What the task requires:
The response should repeat word for word every line below from the one with "When the engine" to the one with "工事名の中に『一般国道106号ホカ』『法師渡大橋ホカ』と、ホカホカしております。なにがホカホカかという … 続きを読む", inclusive, and nothing else; leave pictures out.

Data excerpts:
#####

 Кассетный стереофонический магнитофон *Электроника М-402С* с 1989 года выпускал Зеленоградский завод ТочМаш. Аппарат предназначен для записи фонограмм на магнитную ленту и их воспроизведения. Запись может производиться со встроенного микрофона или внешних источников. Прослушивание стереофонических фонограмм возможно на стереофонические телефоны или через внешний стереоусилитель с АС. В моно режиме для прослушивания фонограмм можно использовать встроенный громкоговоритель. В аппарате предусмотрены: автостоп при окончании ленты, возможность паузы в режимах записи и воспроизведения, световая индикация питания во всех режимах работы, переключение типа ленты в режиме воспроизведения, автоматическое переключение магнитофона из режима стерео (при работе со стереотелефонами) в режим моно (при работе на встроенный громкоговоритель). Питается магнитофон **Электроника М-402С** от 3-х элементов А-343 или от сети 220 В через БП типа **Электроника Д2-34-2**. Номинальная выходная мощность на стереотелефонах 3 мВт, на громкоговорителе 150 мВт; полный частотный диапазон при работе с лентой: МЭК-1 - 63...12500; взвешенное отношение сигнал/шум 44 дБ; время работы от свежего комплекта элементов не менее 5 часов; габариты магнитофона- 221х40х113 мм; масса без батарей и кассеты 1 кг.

#####

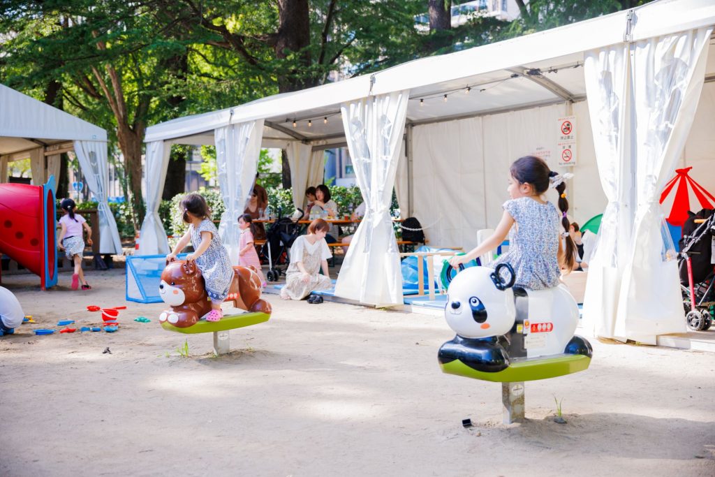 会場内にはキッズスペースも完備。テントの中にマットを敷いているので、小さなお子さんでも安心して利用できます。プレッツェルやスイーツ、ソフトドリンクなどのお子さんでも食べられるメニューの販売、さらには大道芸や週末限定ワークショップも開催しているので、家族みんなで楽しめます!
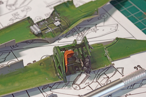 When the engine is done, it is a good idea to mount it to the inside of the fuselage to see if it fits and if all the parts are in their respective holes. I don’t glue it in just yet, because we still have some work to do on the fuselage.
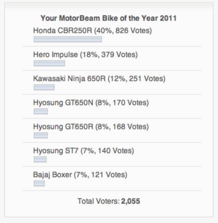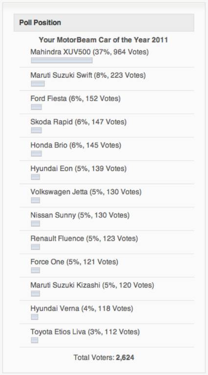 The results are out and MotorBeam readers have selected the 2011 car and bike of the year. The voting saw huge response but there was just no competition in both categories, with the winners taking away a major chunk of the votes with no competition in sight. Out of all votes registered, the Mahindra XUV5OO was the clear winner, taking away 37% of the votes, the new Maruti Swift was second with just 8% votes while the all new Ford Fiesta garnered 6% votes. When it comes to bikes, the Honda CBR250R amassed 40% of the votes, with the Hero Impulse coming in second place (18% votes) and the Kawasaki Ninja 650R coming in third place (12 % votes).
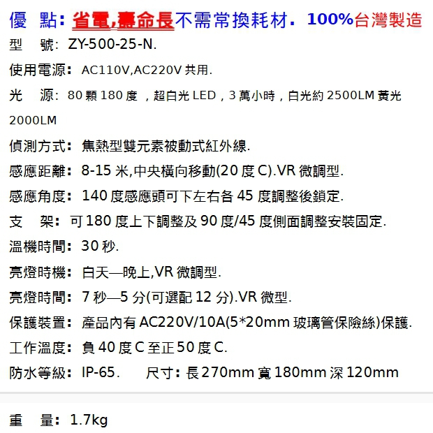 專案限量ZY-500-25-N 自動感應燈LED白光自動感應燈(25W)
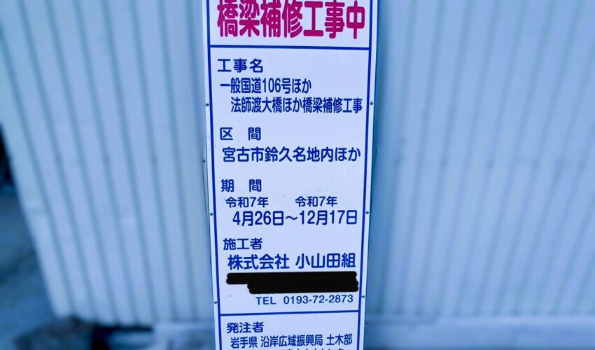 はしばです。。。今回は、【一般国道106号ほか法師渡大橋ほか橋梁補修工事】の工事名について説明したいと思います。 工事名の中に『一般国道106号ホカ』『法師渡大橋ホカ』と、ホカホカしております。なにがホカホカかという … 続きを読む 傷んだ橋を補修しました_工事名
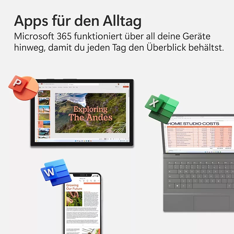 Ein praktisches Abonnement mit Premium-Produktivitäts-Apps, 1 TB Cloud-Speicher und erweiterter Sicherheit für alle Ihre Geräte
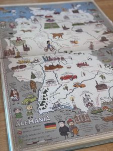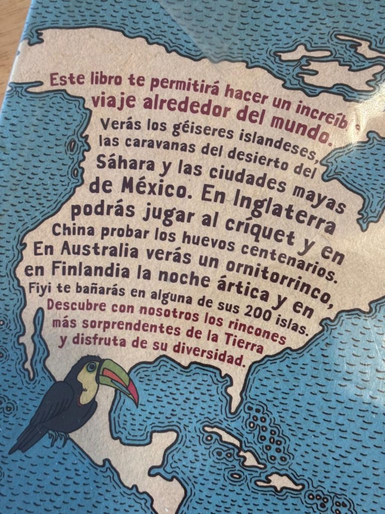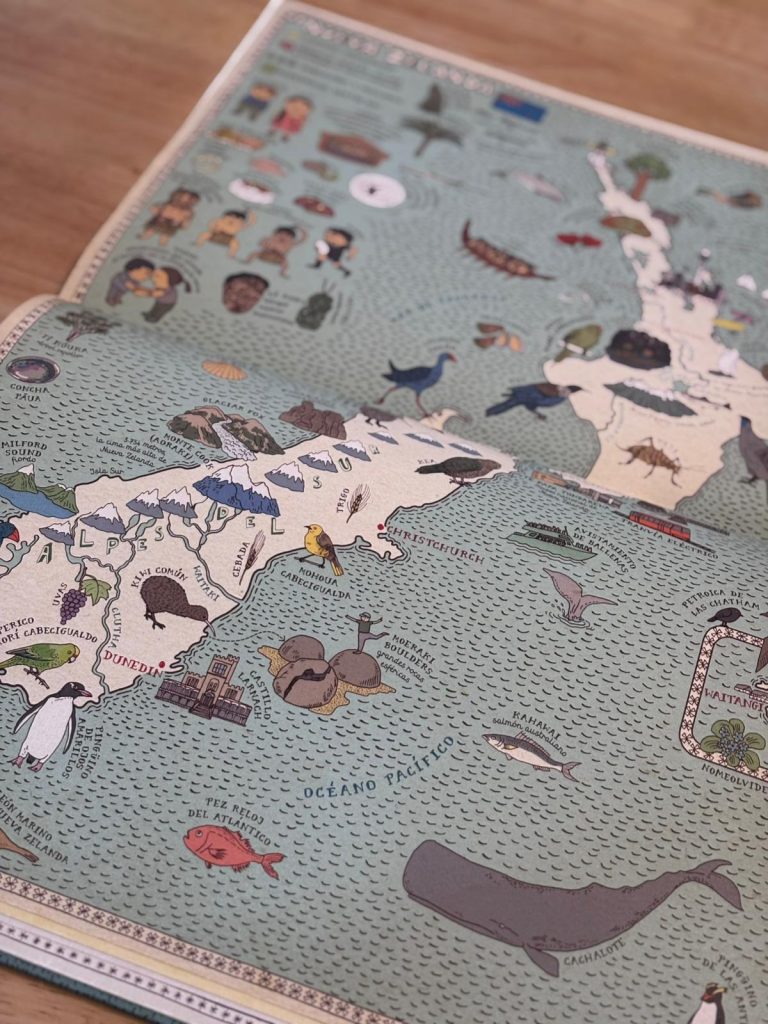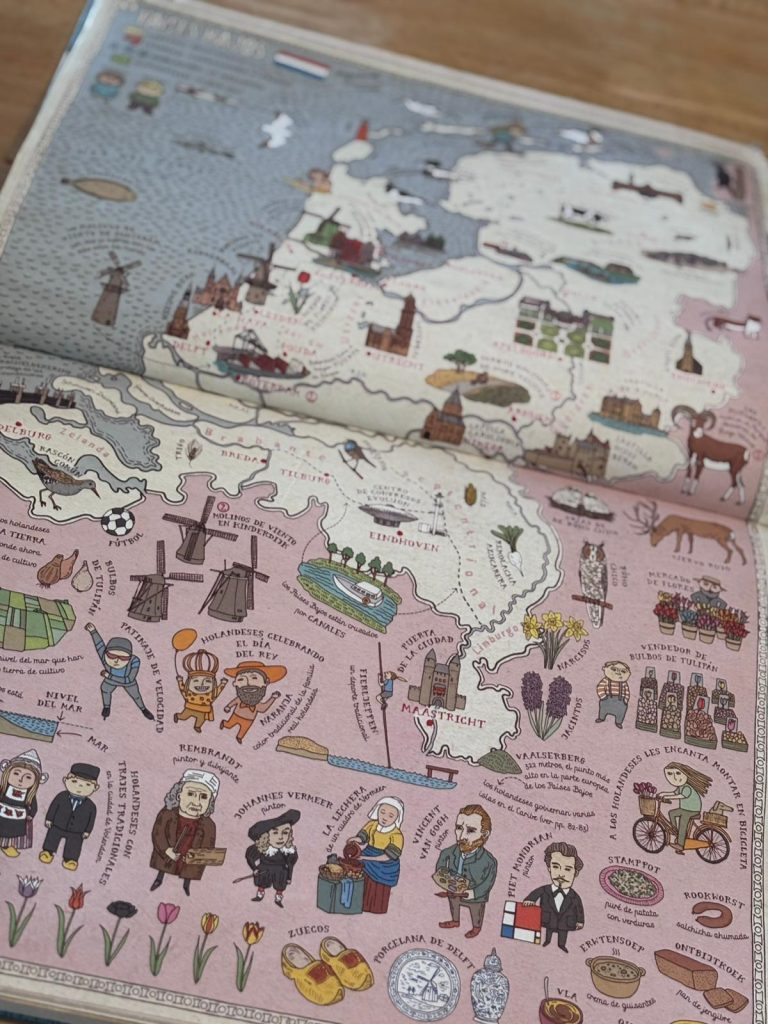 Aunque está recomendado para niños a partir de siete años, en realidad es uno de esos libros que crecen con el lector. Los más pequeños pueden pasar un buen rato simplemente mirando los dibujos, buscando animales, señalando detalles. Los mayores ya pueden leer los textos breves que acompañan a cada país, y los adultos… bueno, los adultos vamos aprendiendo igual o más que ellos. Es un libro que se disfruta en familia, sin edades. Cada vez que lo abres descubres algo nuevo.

#####

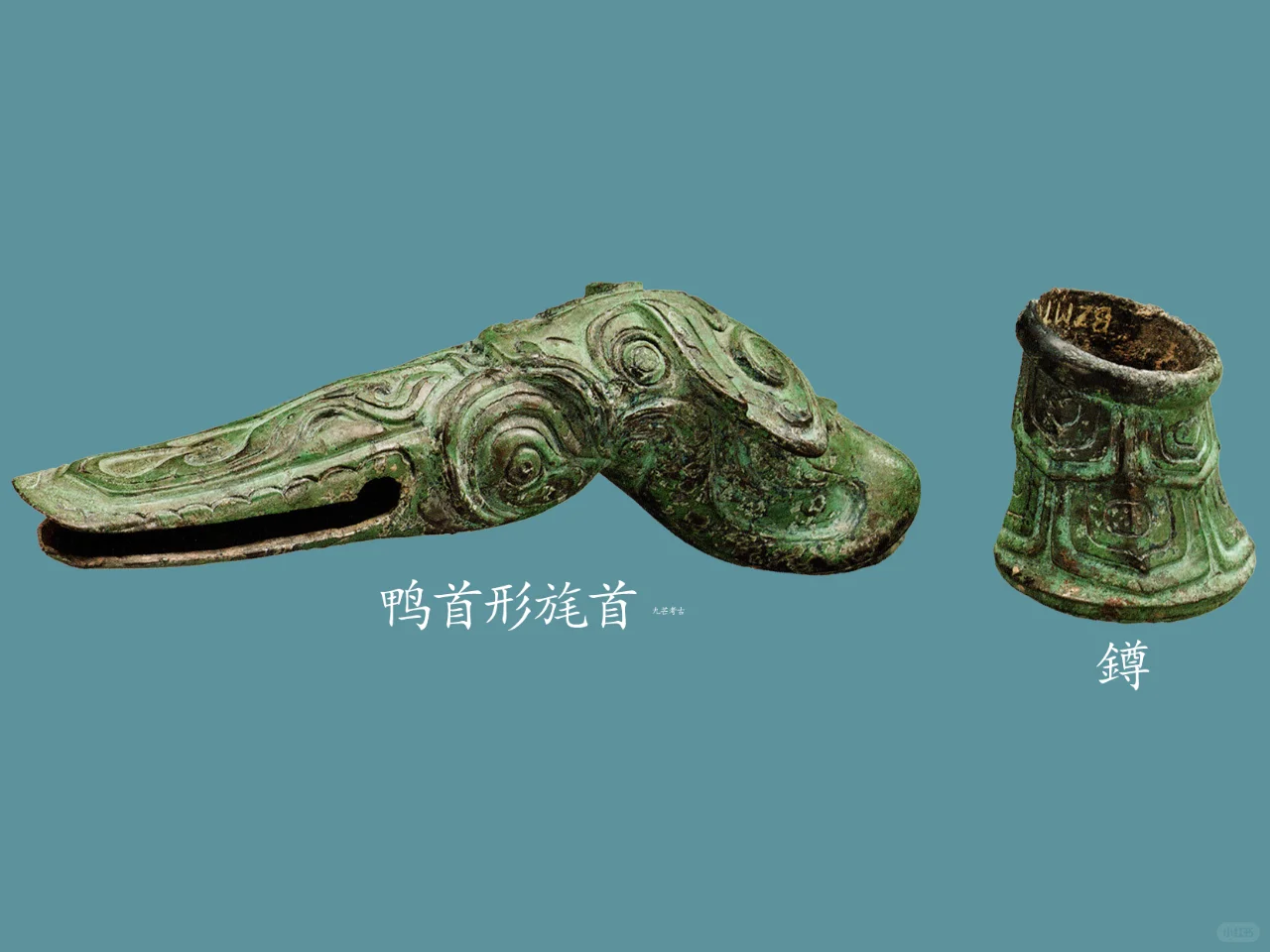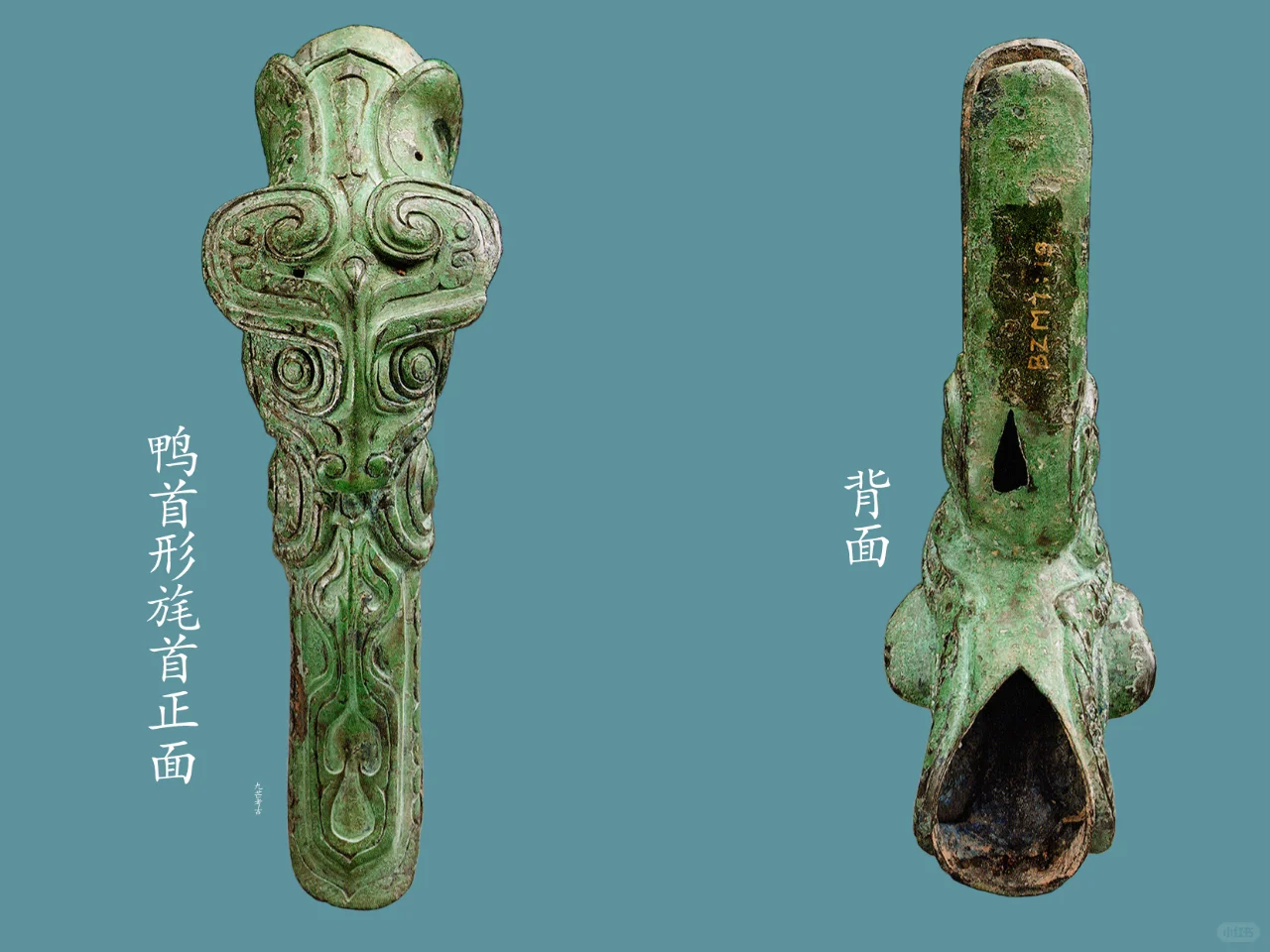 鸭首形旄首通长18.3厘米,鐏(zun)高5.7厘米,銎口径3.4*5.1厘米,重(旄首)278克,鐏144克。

#####

Worked solution:
 When the engine is done, it is a good idea to mount it to the inside of the fuselage to see if it fits and if all the parts are in their respective holes. I don’t glue it in just yet, because we still have some work to do on the fuselage.
 The results are out and MotorBeam readers have selected the 2011 car and bike of the year. The voting saw huge response but there was just no competition in both categories, with the winners taking away a major chunk of the votes with no competition in sight. Out of all votes registered, the Mahindra XUV5OO was the clear winner, taking away 37% of the votes, the new Maruti Swift was second with just 8% votes while the all new Ford Fiesta garnered 6% votes. When it comes to bikes, the Honda CBR250R amassed 40% of the votes, with the Hero Impulse coming in second place (18% votes) and the Kawasaki Ninja 650R coming in third place (12 % votes).
 專案限量ZY-500-25-N 自動感應燈LED白光自動感應燈(25W)
 はしばです。。。今回は、【一般国道106号ほか法師渡大橋ほか橋梁補修工事】の工事名について説明したいと思います。 工事名の中に『一般国道106号ホカ』『法師渡大橋ホカ』と、ホカホカしております。なにがホカホカかという … 続きを読む 傷んだ橋を補修しました_工事名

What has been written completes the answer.